В поисках трагического героя: что принёс на московскую сцену 2009?..

Кажется, театр занялся глобальным исследованием жанра трагедии: его границ, возможностей, палитры красок. Как трансформируется этот жанр в эпоху, когда драматические события в реальной жизни страны происходят перманентно? Когда они по характеру похожи не на атомный взрыв, а на губительное воздействие радиации — медленно, незаметно, но целенаправленно. Современная трагедия — тихая, пугающая не сиюминутными событиями, а направленностью на разрушения. Распадается цельная личность, семья. И это не менее страшно, чем глобальные катаклизмы.
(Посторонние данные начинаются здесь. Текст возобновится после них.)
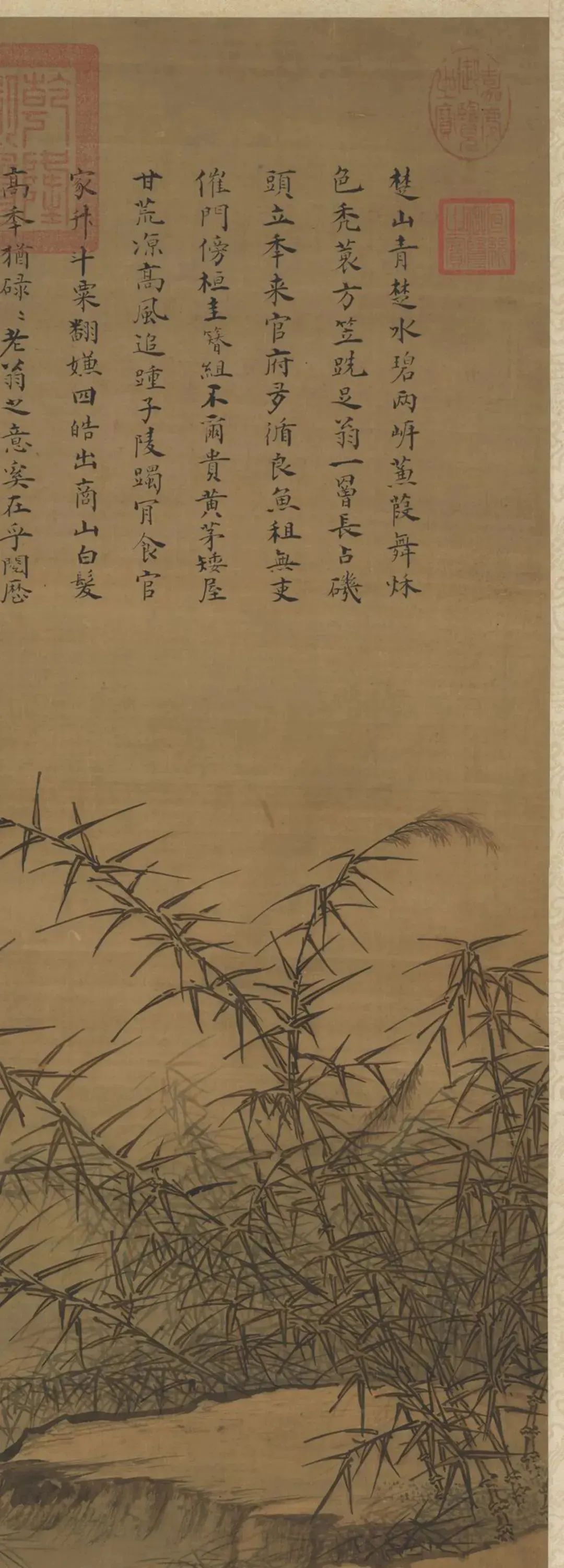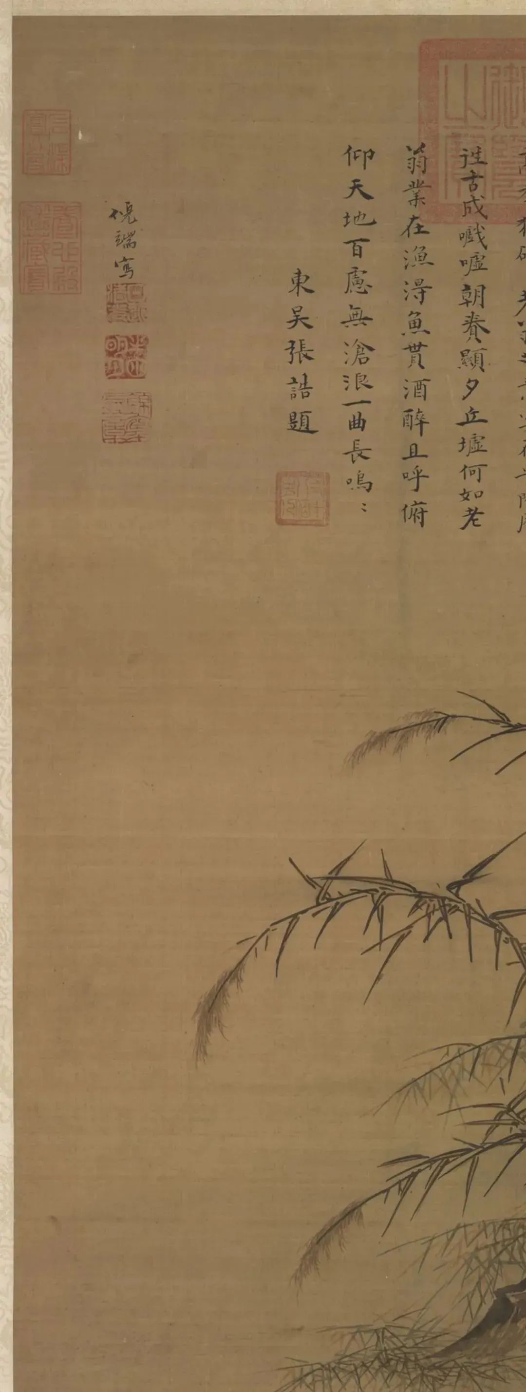 其次,倪端的笔触细腻而生动,他通过墨色的浓淡、干湿、虚实等变化,巧妙地表现了物体的质感和光影效果。渔翁的衣纹、面容、动作都刻画得栩栩如生,仿佛就在我们眼前。而水中的鱼儿、岸上的芦苇、远处的山峦,也都以细腻的笔触呈现出来,使得整个画面充满了生机和活力。
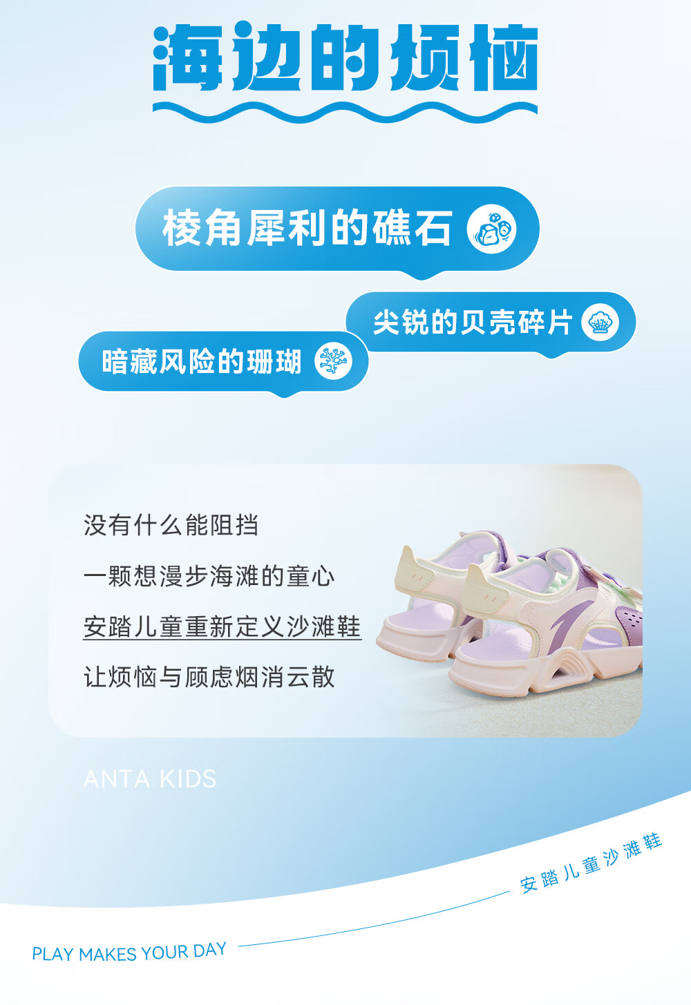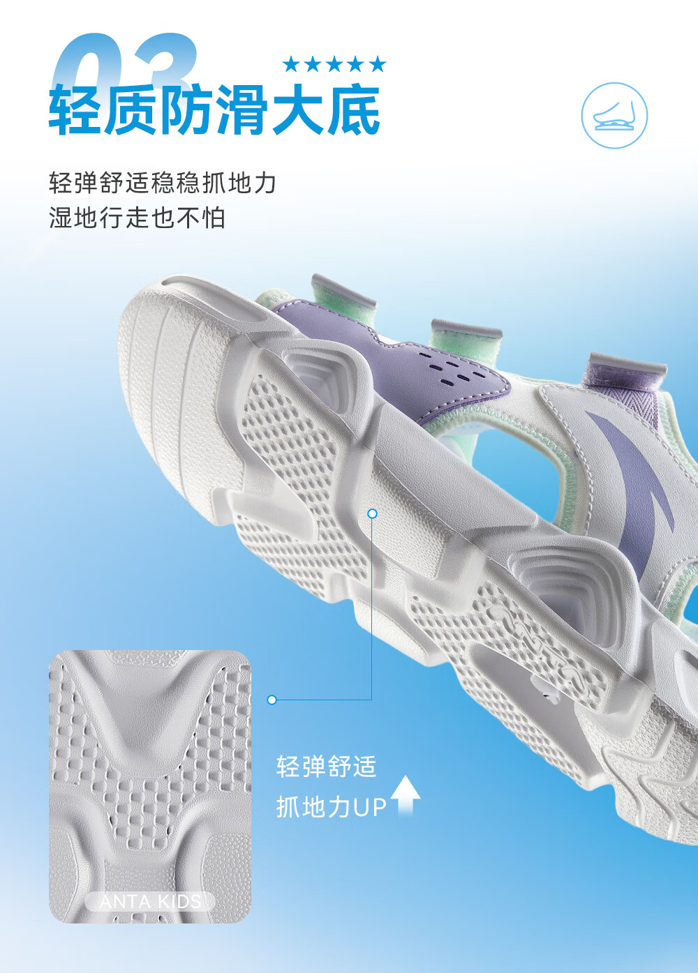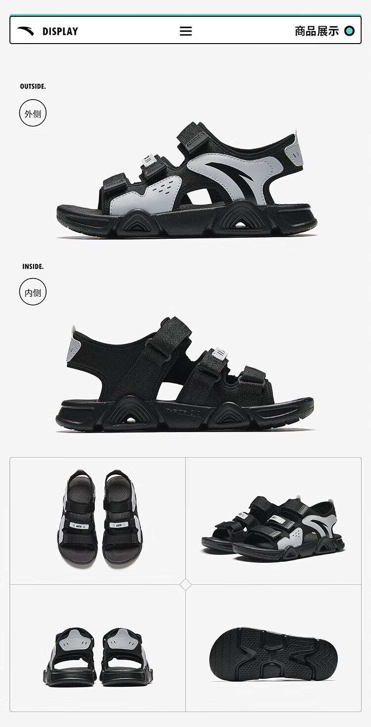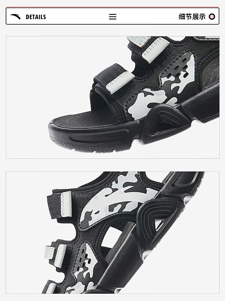ANTA (ANTA) children's sandals, men's and women's shoes, 2026 spring new spring Velcro children's open-toe Lingbo arch beach shoes, girls black/clear water powder/ANTA white-9 36

Одним из наиболее интересных экспериментов в жанре трагедии мне кажется опыт Камы Гинкаса в спектакле «Медея» (МТЮЗ). Как мичуринец, он привил мифологическому сюжету Сенеки ветвь интеллектуальной драмы Ануя и ветвь поэзии Бродского. Получился очень современный вариант трагедии — миксы высокого и низкого. Режиссер сделал почти невозможное — по сути, он научил зрителей видеть подлинную трагедию под маской обыденности. У новой трагедии — лицо женщины, которая может быть и королевой и плебейкой в зависимости от обстоятельств. Она — разная, ее чувства — подлинные. Невозможно забыть, как Медея (Екатерина Карпушина) прощается с бывшим мужем. Сцена, в которой она вместо проклятий вдруг неожиданно для самой себя начинает поправлять ему галстук и манжеты, словно проверяя право на свою ускользающую собственность, — одна из лучших трагических сцен в театре. Режиссура Камы Гинкаса — это безусловный прорыв этого года в освоении трагического жанра.
Этот год прошел под знаком пьесы «Дядя Ваня». Трагедия интеллигента, не нашедшего самореализации, увидена двумя режиссерами Римасом Туминасом и Андреем Кончаловским диаметрально противоположно. Римас Туминас поставил в Театре им. Вахтангова спектакль, в котором дядя Ваня хоть и обыватель, недотепа, 22 несчастья, но он живой человек в механизированном мире, где действуют не люди, а скорее ходячие схемы, биороботы. От этого — особый объем заглавной роли, которую мастерски исполняет Сергей Маковецкий. В чем новизна понимания трагизма у Туминаса? В беспощадности взгляда на страдающего интеллигента. На дне беспощадности все равно лежит сострадание. Режиссер видит трагизм в нелепости ситуации: человек мечтает об одном, а живет по-другому, отлученный от гармонии с миром. Режиссер не оттеняет тьму отчаяния светом надежды. Пространство его спектакля сумрачно. Баночка с морфием в руках Маковецкого в финале — вот понимание трагического жанра.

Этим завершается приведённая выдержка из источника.